On a basic level, for example, if an algorithm was trying to pick out a triangle from a row of shapes, it could use the number of corners as an indicator.
Representation learning detangles the different layers of a neural network and labels everything up, so it’s easy to understand.
For the VFX industry, the exact opposite could be valuable: tangling up the layers so they are indecipherable. This could serve as a form of encryption, making it possible to get a result that a) makes it impossible to reverse engineer the original image from its layer outputs, but b) still contains information useful for the given tasks.
Let’s say a studio wants to help improve an ML model, but is using sensitive, IP-protected imagery of a particular character.
Rather than sending the image directly to their partner software vendor or studio, they run it through the encryption layer stack.
The partner studio receives everything they need to improve the ML model, but no comprehensible data that reveals what the original training imagery was.
The importance of artist participation
A further big challenge to overcome lies in building a bridge between the artist and the algorithm.
Film production is naturally collaborative in nature, with thousands of staff working together to complete a show.
In contrast, machine learning is something of a solo pursuit, with an algorithm aiming to solve an entire problem in one go on its own, removing artists from the creative or technical process.
For artists to ever buy-in to machine learning tools, they need to be developed in a way which includes artist input. This isn’t only necessary for placating artists and giving them a sense of control: it’s a requirement if the algorithm is to learn from its mistakes and correct future errors.

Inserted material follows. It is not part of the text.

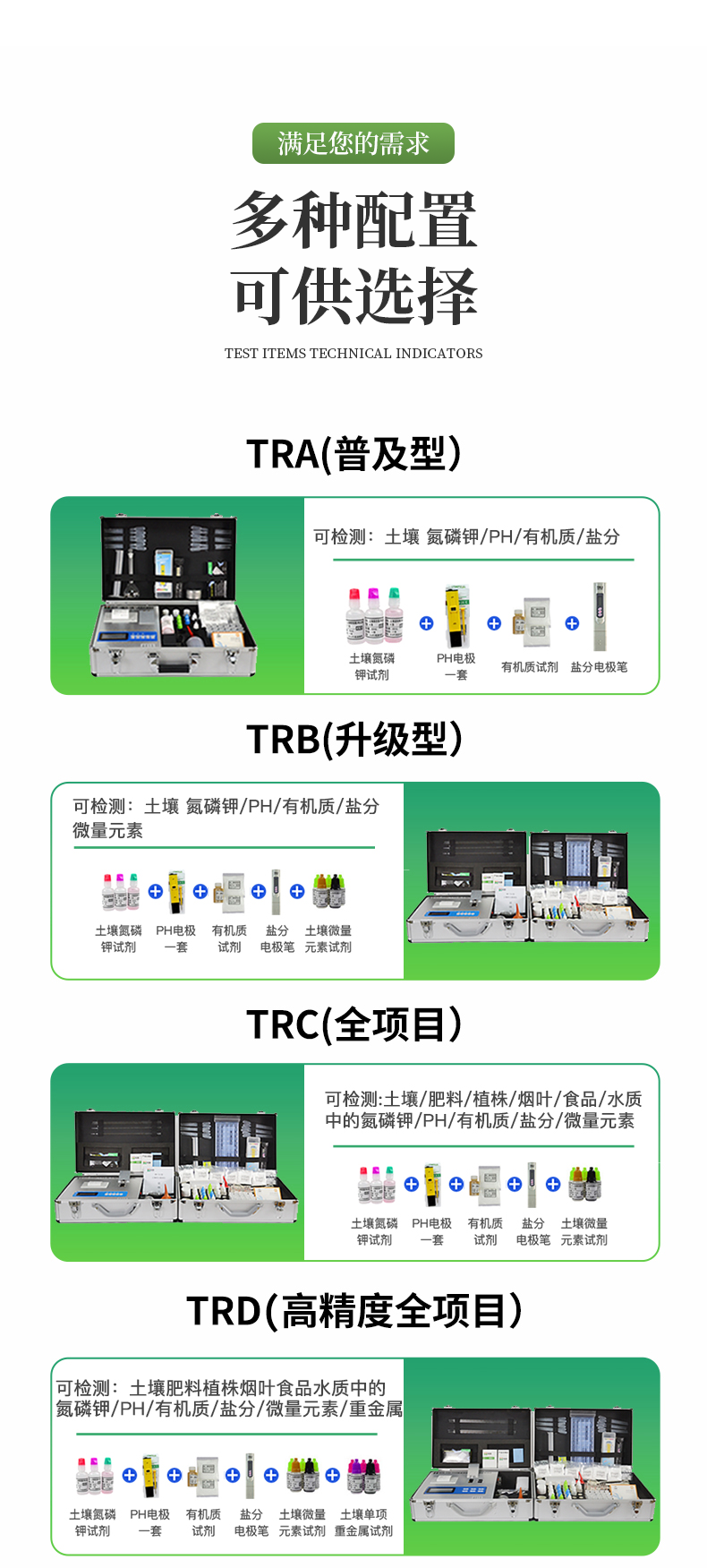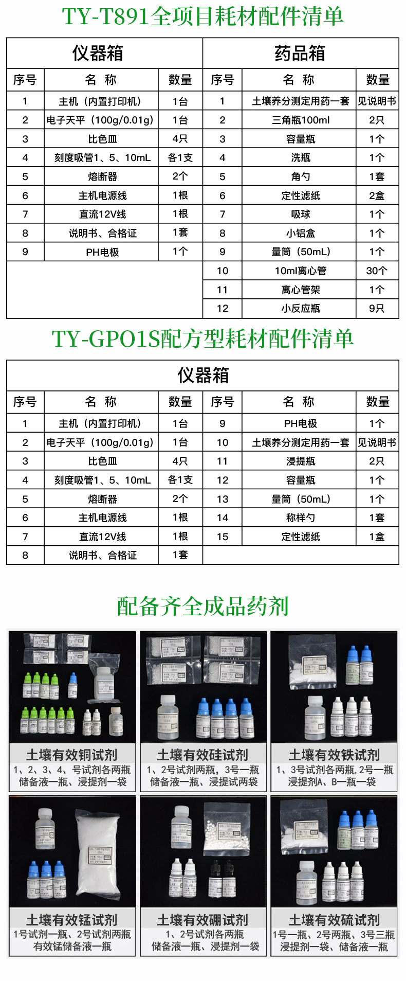 | 儀器整機質(zhì)保五年,終身免費維修服務(wù),免費郵寄儀器、免費培訓(xùn)、免費提供檢測試劑。 | 終身免費提供土肥等農(nóng)業(yè)相關(guān)技術(shù)支持! | 配置清單(兩個鋁合金箱子): |

This last point has two key challenges: how to design tools that allow for artist interaction, and how to enable ML networks to learn from and act on the feedback of those artists.
Most ML research to date removes the artist from the loop. If user interaction is included at all, it is limited.
As mentioned previously, it’s difficult to update ML algorithms in VFX tools due to the gap between research and deployment environments.
Feed-forward or inference-only ML models can’t easily capture updates natively within post-production software.
Bridging this gap is vital to developing the next generation of truly useful and artist-focused ML-based tools.
SmartROTO
As mentioned previously, one of Foundry’s new R&D projects, SmartROTO, aims to address some of the challenges we’ve looked at in this article.
Its aim is to investigate and design intelligent tools for high-end rotoscoping of live action footage.
The sharing of data sets is also a huge issue as we’ve discussed, so a significant part of the project will be dedicated to examining the sharing of machine learning networks and datasets.
Anybody familiar with the VFX industry will be aware of how time-consuming, manual and largely non-creative rotoscoping is. The tools developed in SmartROTO will use machine learning to create a step change in rotoscoping technology.
These new tools will minimize the interaction required by the rotoscoping artist, while retaining a familiar and intuitive user experience.
Ultimately, the aim is to bring significant savings to the VFX industry, a new plugin for Nuke, and new ways to share training datasets. Watch this space!